The FAIR principles for research data (Findability, Accessibility, Interoperability, Reusability) are a set of guidelines to facilitate sustainable availability of (research) data.
Inspired by Fluree's "Making Data FAIR", I decided to look at ArcadeDB in terms of FAIRness.
So, to check whether a tool X helps making (research or enterprise) data (more) FAIR, I ask for each principle Y: How does X make data Y?
How does ArcadeDB make data findable:
- A unique identifier is assigned to each record and never reassigned.
- Custom metadata for types and properties beyond SQL
COMMENT ON
. - The identifier is a mandatory property of every record.
How does ArcadeDB make data accessible?
- Query Languages: SQL dialect, Cypher, Gremlin, GraphQL, MQL (MongoDB), SPARQL (via Gremlin plugin)

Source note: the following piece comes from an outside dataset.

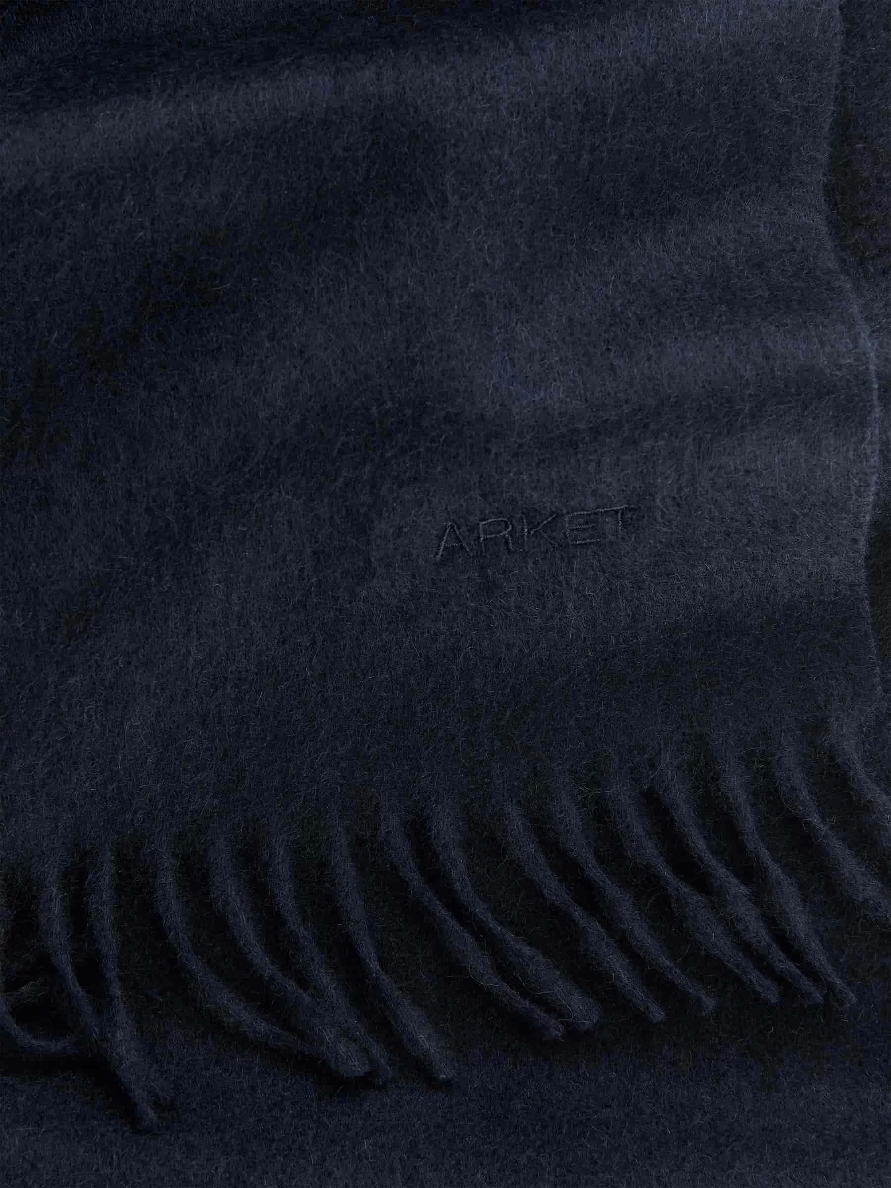 Bufanda tejida suave confeccionada en puro cachemir. Detallado con flecos y un sutil bordado del logo de ARKET. Medidas 160 cm x 30 cm.
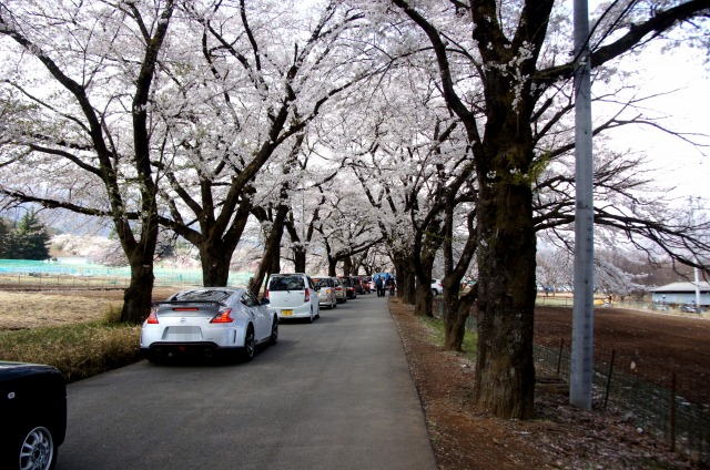 今日は日曜日、桜の並木通りは駐車待ちの車で渋滞しています。

- Interfaces: HTTP, Java, JDBC, MongoDB, Redis, Postgres
- Drivers: CHICKEN Scheme, .NET, Ruby, Rust
How does ArcadeDB make data interoperable?
- The native data format is JSON.
- Data types map to standard Java data types.
- Links between records are based on unique identifiers.
How does ArcadeDB make data reusable?
- Property fields (i.e. for licenses) can be made mandatory.
- Provenance can be enforced by immutable records.
- Export formats: JSONL, GRAPHSON, GRAPHML
So overall, ArcadeDB makes data fair by its feature set. While this feature configuration is likely not unique, a polyglot multi-model NoSQL/NewSQL database is rare.